This silly notion was more or less a fleeting
thought. I only mention it because since I had this
silly notion, other people might have the same
silly notion.

Once my thinking became clear and I realized that
I needed to remember a pattern that was inside the
file, I was well on my way.

Fortunately the file I wished to undelete was an
sc spreadsheet file. These files are quite
primitive and are purely ASCII text. The contents
of these files are easily manipulated by any text
editor.

I'd been working on a tax document when I foolishly
erased the spreadsheet file. I was copying a
Qualified Dividends and Capital Gain Tax Worksheet
for 2010 into my spreadsheet.

I use sc spreadsheet calculator for this purpose
because it is so simple and basic. If you are familiar
with the vi editor, it is very similar to vi
in how you operate it. All the commands are keystrokes
and your hands never have to leave the keyboard to fully
navigate and manipulate your spreadsheet.
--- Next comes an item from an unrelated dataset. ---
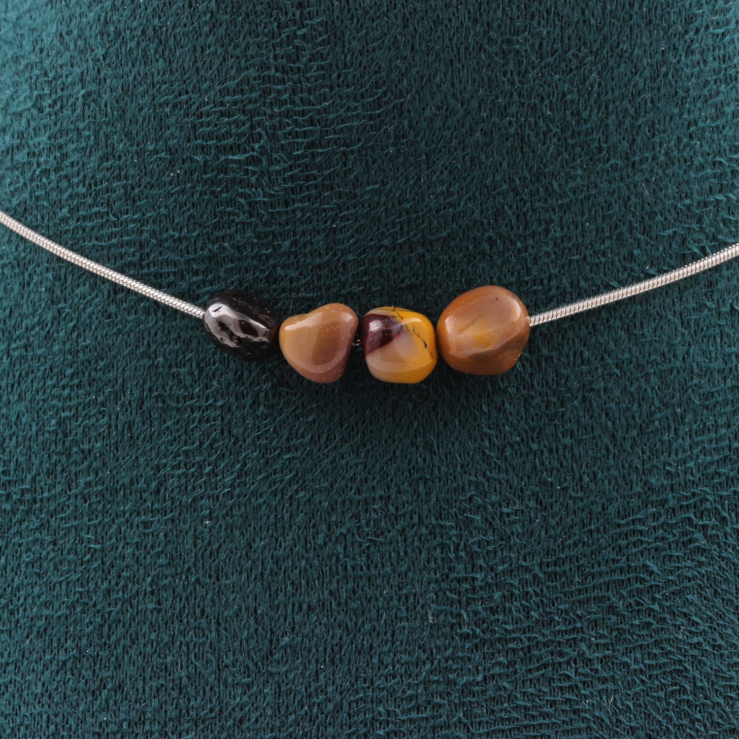 Pozdvihnite svoj štýl s naším úžasným náhrdelníkom Mookaite! Tento jedinečný kúsok obsahuje štyri krásne 8 mm korálky, z ktorých každá predstavuje živé farby austrálskeho mookaitu. Retiazka z nehrdzavejúcej ocele meria príjemných 45 cm, ideálna na každodenné nosenie alebo špeciálne príležitosti.

The sc spreadsheet calculator is a great tool if
you are doing something primitive and simple but is a very
poor tool if you need to present your data to other people.
It it a poor tool for presentment of data because it is
totally lacking in the things that make a spreadsheet
presentational such as different sized fonts.

I write about sc here:

sc Issues and Answers

I did eventually get all my data back. I used the following command
to do so:

grep -C 3000 "Enter the smaller of line 7 or line 9" /dev/hda2 >goofy

As you can see, this is pretty much the same grep command
that I ran on my hard drive partition called /dev/hda2 earlier
in the evening. They key difference is that now I asked for 3,000
lines of context.

Running the command twice turned out to be a good choice. The first time
I ran it, I wanted to see how many lines had the pattern I was looking for.
If it had been ten or more lines, I might have tried a different pattern.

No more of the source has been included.